Рэйн, должно быть, чувствует моё беспокойство, потому что приподнимает руку и выдавливает из себя:
— Я в порядке.
— Уверена? Мне никогда не приходилось делать искусственное дыхание рот-в-рот, но я проходил курсы первой помощи совсем недавно.
Она издаёт смешок, который звучит слегка хрипловато после всего этого кашля, а затем берёт ещё одну трюфельную чипсину и начинает покачиваться в такт музыке, разглядывая её. Она не прекращала двигаться с тех пор, как зашла сюда. Иногда это едва заметное движение, вроде покачивания. А иногда нет, как тогда, когда она уничтожала ту бедную салфетку. И от этих движений тамбурин в её кармане постоянно звенит. Словно её повсюду сопровождает персональный саундрек.

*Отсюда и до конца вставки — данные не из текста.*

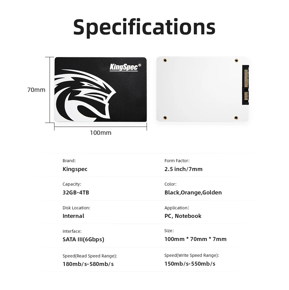 Внутренний твердотельный накопитель KingSpec, SSD 240 ГБ, 2,5 ГБ, 120 ГБ, 512 ГБ, 500 Гб, 360 гб, 1 ТБ, 2 ТБ, 960 ГБ, SATAIII

Она тычет в меня чипсиной и говорит.
— Ты опять со мной флиртуешь?
Разве? Чёрт, я и сам не знаю. Я на самом деле недавно проходил курсы первой помощи. Я бы потерял сон, если бы этого не сделал. Но если бы мне пришлось делать кому-то искусственное дыхание рот-в-рот в этом пабе прямо сейчас, я бы предпочёл сделать его ей.
Как только эта мысль приходит мне в голову, я ужасаюсь. Я бы не хотел, чтобы она подавилась, ради того, чтобы у меня был предлог её поцеловать, ведь так? Но она могла подавиться. Теперь я это ясно вижу. Она подавилась чипсиной, а я напрочь забыл, как делать искусственное дыхание. Я просто стоял и ничего не делал. Она могла упасть со стула и умереть, и это была бы моя вина. Конец.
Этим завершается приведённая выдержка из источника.